6. The training method of the ecological environment PM2.5 concentration prediction model according to claim 5, which is characterized in that based on the PSO-LSTM model, in combination with adaptive adjustment of individual particles of a particle swarm algorithm PSO, the inertia weight and learning factor of the particle swarm algorithm PSO are updated according to the following formula, so as to obtain updated inertia weight and learning factor:

；

wherein ,

for improved inertial weight, +.>

Is the minimum inertial weight, +.>

Is the maximum inertial weight, +.>

Is an activation function->

Is the current iteration number, +.>

Is the maximum number of iterations;

learning factor

and />

The improvement formula is as follows:

；

wherein ,

is the current iteration number, +.>

Is the maximum number of iterations;

when (when)

At this time, the learning factor +.>

and />

The following is shown:

。

7. the method for training the ecological environment PM2.5 concentration prediction model according to claim 1, wherein training the PSO-LSTM and lightGBM models by the training set and weighting the output values of the two models respectively, and obtaining the prediction model comprises:

8. The method for training an ecological environment PM2.5 concentration prediction model according to claim 2, wherein the step S3 comprises:

；

wherein ,

and />

For the prediction value of the weighted combination model, +.>

Is a predicted value of PSO-LSTM, < >>

For the predictive value of the lightGBM model, +.>

and />

The weight coefficients of the PSO-LSTM, lightGBM model are respectively given.

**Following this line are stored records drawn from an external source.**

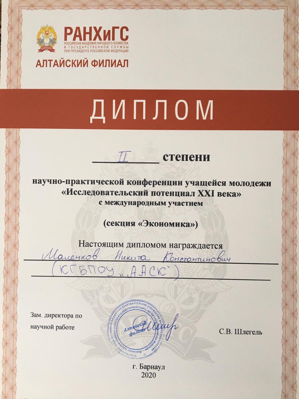 Маленков Никита 2 место;
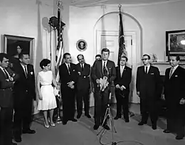 At Kennedy's request, in 1962 Goulart interceded with the Cuban government to prevent the execution of prisoners captured after participating in the Bay of Pigs Invasion.[76][lower-alpha 7] The same year, during the Missile Crisis, Kennedy demanded the withdrawal of Soviet missiles from Cuba. Jango communicated to the American ambassador his support for this decision. Lincoln Gordon evaluated this moment as a high point in a deteriorating relationship. When, on October 22, the USA convened an OAS meeting, Brazil was in favor of a naval blockade of the island, but opposed to military intervention.[77]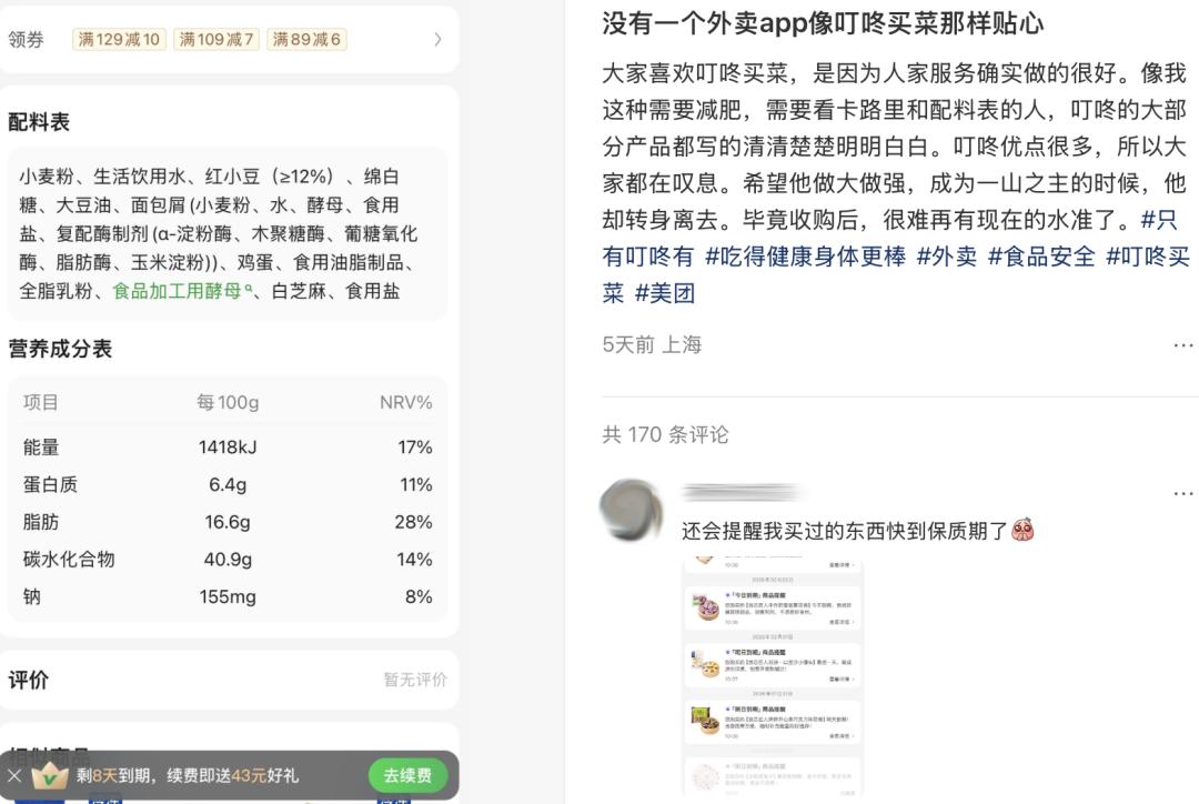 再比如有叮门信徒提到,在叮咚买的鲜货过赏味期了App还会提示「今日到期」,还是首个推出“缺斤少两退钱”服务的线上电商。曾经有生活家买了一斤香蕉到手只有两根,“怎么可能香蕉这么重?”不信邪的生活家一边线上掰头客服,一边下单厨房秤。几经验证后发现香蕉真的有一斤,被总部得知后请求打工人把秤送叮咚,“用来提醒永远不要缺斤少两”。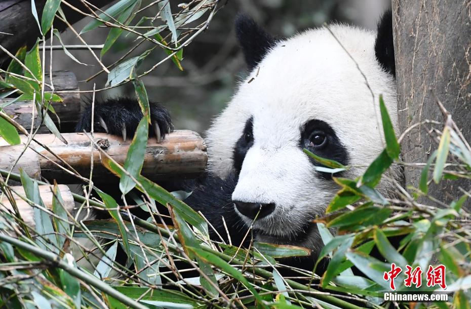 11月19日,初冬时节,成都大熊猫繁育研究基地的大熊猫宝宝们在熊猫乐园卖萌,憨态可掬,迷倒众粉丝。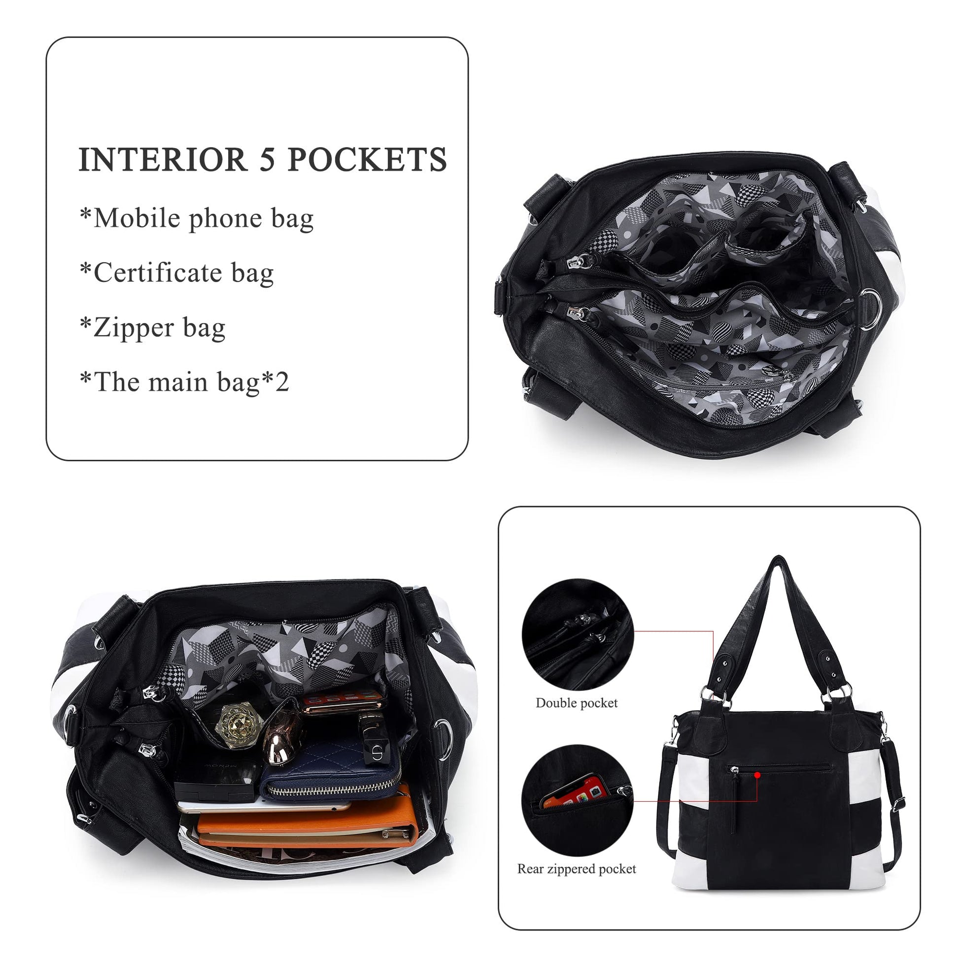 - 【Easy-organized】:Double zippers main pockets, with one small zipper pocket and one slot pocket inside.can holds everything you need, including your iPad, cell phone, books(A4), umbrella, keys, wallet, sunglasses, lipstick ,facial tissue and other stuffs.
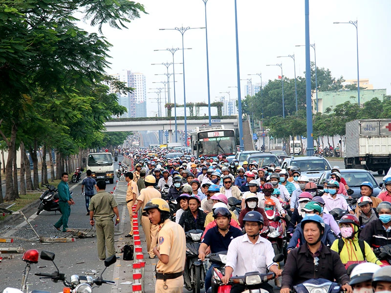Vụ việc khiến giao thông qua khu vực bị ùn ứ nghiêm trọng.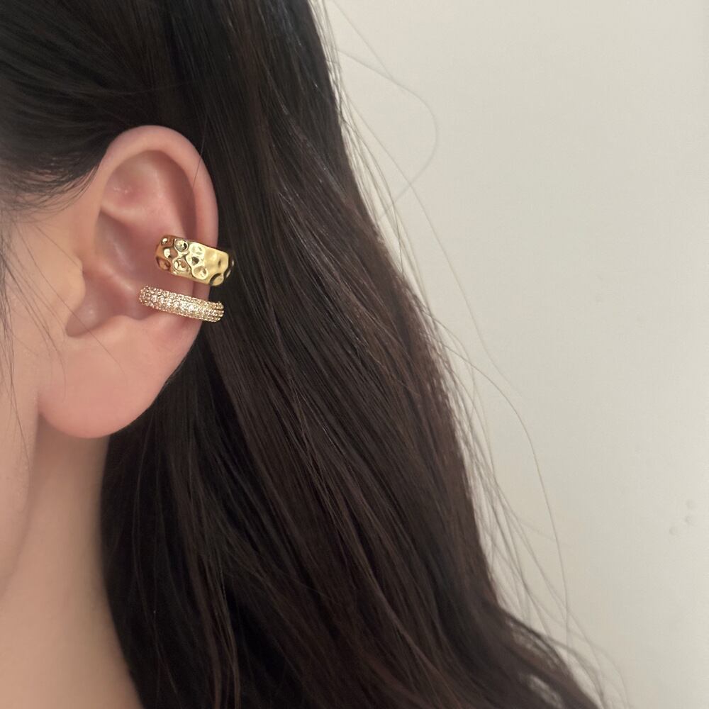 ◎【送料無料】二層 イヤーカフ 耳飾り イヤークリップ 片耳 ラインストーン 金属アレルギー対応 レディース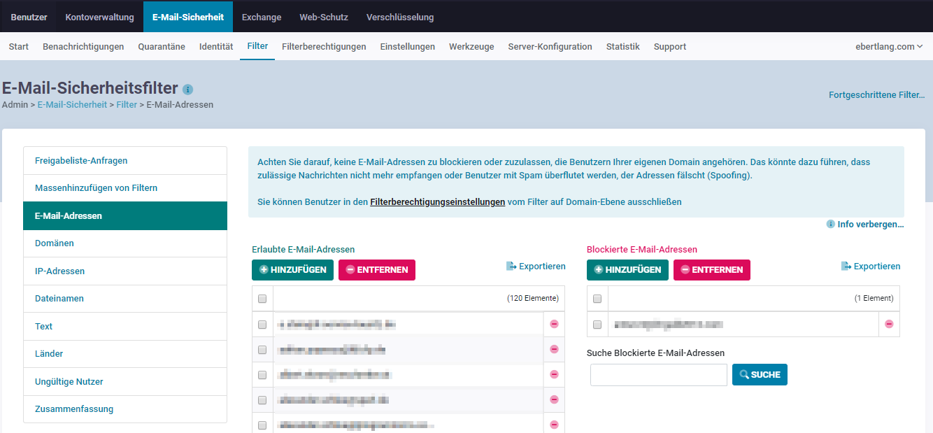Daraufhin navigieren Sie in der Oberfläche zu E-Mail-Sicherheit → Filter → E-Mail-Adressen. Hier finden Sie nun die Listen für die zugelassenen und blockierten E-Mail-Adressen.

9. The prediction method of the ecological environment PM2.5 concentration prediction model is characterized by comprising the following steps of:

s102, inputting the normalized data into a prediction model obtained by the training method of the ecological environment PM2.5 concentration prediction model according to any one of claims 1-8, and obtaining the ecological environment PM2.5 concentration predicted value.